Jeff Raymond wrote:
Sheldon Rampton wrote:
(1) Develop better, more comprehensive notability standards for more topics.
I'll refrain from responding to the entirety of your otherwise good ideas, but this, in particular, comes with some rather large opposition. There is a strong group who would prefer a one-size-fits-all "notability" guideline with lots of exceptions, instead of clear, subject-specific ones. We need more subject-specific "notability" guidelines if we're going to rely on "notability" for inclusion, but it's not going to be easy.
Aside from the opposing camps, isn't there also some inherent mismatch between universal notability and context-specific notability?
I think of notability as a container of a certain size, roughly the size of one ideal human's head. Anything that's universally notable is something that is worthy of being noted by one optimally bright and broadly interested person.

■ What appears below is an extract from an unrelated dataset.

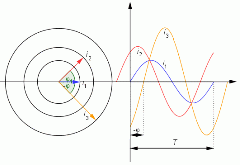 Parametry obvodu střídavého proudu působí nejen na velikost proudu, ale ovlivňují také jeho fázi. Je to veličina, která určuje hodnotu napětí a proudu v obvodu v počátečním okamžiku. Vyjadřuje se jako úhel buď ve stupních nebo v radiánech. Důležitá je hodnota rozdílu mezi počáteční fází napětí a počáteční fází proudu. Je to fázový rozdíl nebo také fázový posun φ střídavého napětí a proudu. Může být kladný nebo záporný. Na obrázku jsou znázorněny tři proudy vzájemně ve fázi a s fázovým posunem ±φ.

But as soon as you go for context-specific guidelines, you change focus. If one ideal human were to focus on discipline X, how much would be worthy of their attention then? With a container of the same size and a smaller topic, more will inevitably fit. The number of notable academics is larger than the number of notable people who happen to be academics. The number of notable buildings in the world is much smaller than the sum of notable buildings in each notable locale.
So wouldn't every new subject-specific guideline be inevitably seen by one-size-fits-all types as another lowering of the standard, a breach through which ten thousand non-notable items will flow?